After a quick substitution and some algebraic and trigonometric handling, the following expression is found:

`0 = 90\cdot \sin \theta - 6\cdot \left((x)/(90\cdot \cos \theta) \right)`

`0 = 8100\cdot \sin \theta \cdot \cos \theta - 6\cdot x`

`0 = 4050\cdot \sin 2\theta - 6\cdot x`

`6\cdot x = 4050\cdot \sin 2\theta`

`x = 675\cdot \sin 2\theta`

The angle for a maximum horizontal distance is determined by deriving the function, equalizing the resulting formula to zero and finding the angle:

`(dx)/(d\theta) = 1350\cdot \cos 2\theta`

`1350\cdot \cos 2\theta = 0`

`\cos 2\theta = 0`

`2\theta = (\pi)/(2)`

`\theta = (\pi)/(4)`

Now, it is required to demonstrate that critical point leads to a maximum. The second derivative is:

`(d^(2)x)/(d\theta^(2)) = -2700\cdot \sin 2\theta`

`(d^(2)x)/(d\theta^(2)) = -2700`

Which demonstrates the existence of the maximum associated with the critical point found before.

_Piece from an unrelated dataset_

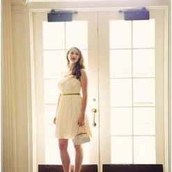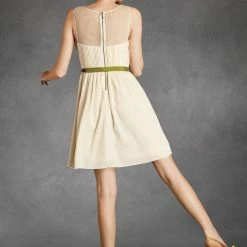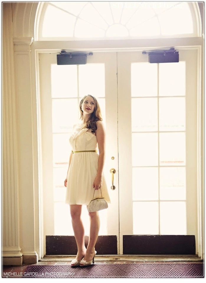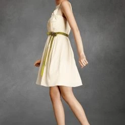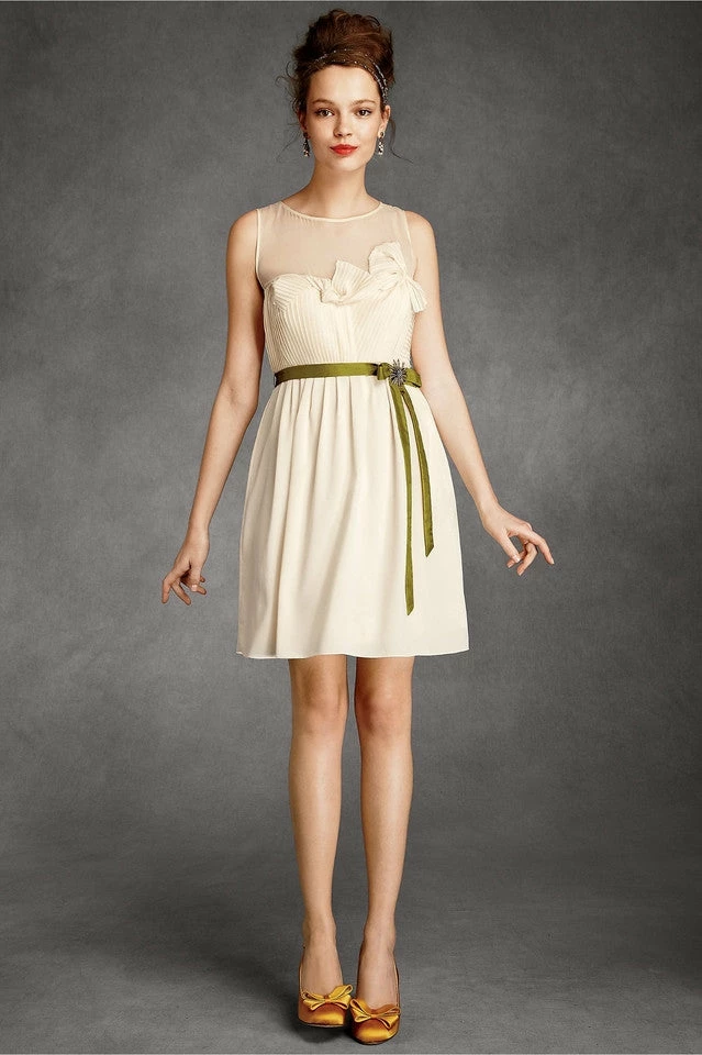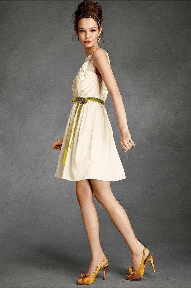 The removable sash offers a pretty pop of color above the not-quite-knee-grazing skirt.

c) The equation for the vertical component of position is:

`y = 45\cdot t - 6\cdot t^(2)`

The maximum height can be found by deriving the previous expression, which is equalized to zero and critical values are found afterwards:

`(dy)/(dt) = 45 - 12\cdot t`

`45-12\cdot t = 0`

`t = (45)/(12)`

`t = 3.75\,s`

Now, the second derivative is used to check if such solution leads to a maximum:

`(d^(2)y)/(dt^(2)) = -12`

Which demonstrates the assumption.

The maximum height reached by the cannonball is:

`y_(max) = 45\cdot (3.75\,s)-6\cdot (3.75\,s)^(2)`

`y_(max) = 84.375\,m`